Manhattan Is My Beat
- First edition
- Author: Jeffery Deaver
- Language: English
- Series: Rune Trilogy
- Genre: Crime
- Publisher: Bantam Books
- Publication date: 1988
- Media type: Print (Hardback & Paperback)
- Pages: 228
- ISBN: 0-553-28061-9
- OCLC: 45328078
- Preceded by: None
- Followed by: Death of a Blue Movie Star

= Manhattan Is My Beat =

1988 crime novel by Jeffery Deaver

Manhattan Is My Beat is a crime novel by American writer Jeffery Deaver. Published in 1988, it is both the first novel in the Rune trilogy as well as Deaver's debut novel.

==Synopsis==
Rune is a street-wise twenty-year-old, not long arrived in New York City, but she's already found herself a squat in an empty loft. She's also landed a job in a video store, Washington Square Video, that lets her pursue her interest in old movies; it's also where she meets Mr. Kelly, a lonely old man who rents the same tape over and over: a crime film based on a true story called Manhattan Is My Beat.

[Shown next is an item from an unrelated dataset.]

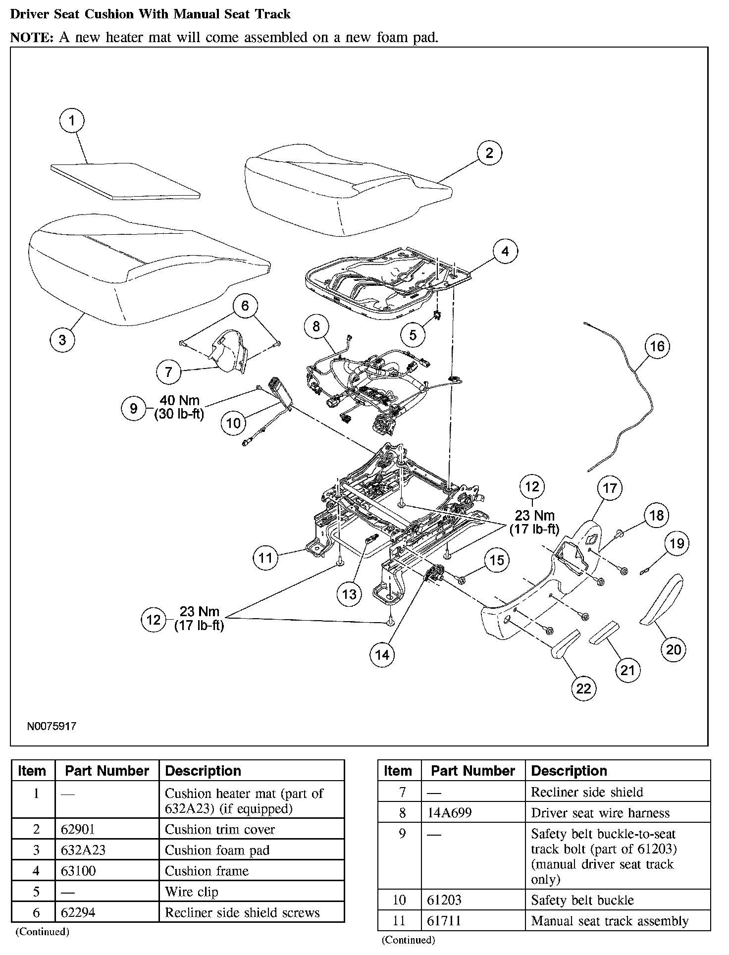 Driver Seat Cushion With Manual Seat Track (Part 2):
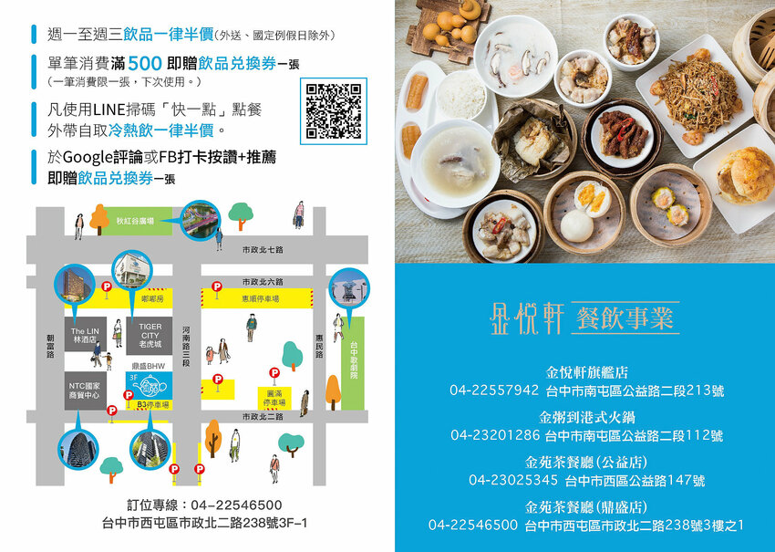 目前金苑茶餐廳鼎盛店最新活動如下(限鼎盛店),週一至週三點飲料有半價優惠,透過LINE掃碼「快一點」點餐也有優惠,再來就是消費滿額或是評論也有送飲品兌換券,有興趣的朋友可以多多利用平日相約吃金苑茶餐廳。

When Rune goes to visit him for a routine tape collection and finds him dead, the police suspect a robbery. However, Rune is convinced that the true answer to the mystery lies with the tape of Manhattan Is My Beat. This conviction draws her into a dangerous adventure against those who will stop at nothing to hide the truth and don't believe in Hollywood endings.

==Other media==
Manhattan Is My Beat has been optioned by Double B Productions. The novel is being adapted by Double B Partners, John and Lisa Bishop.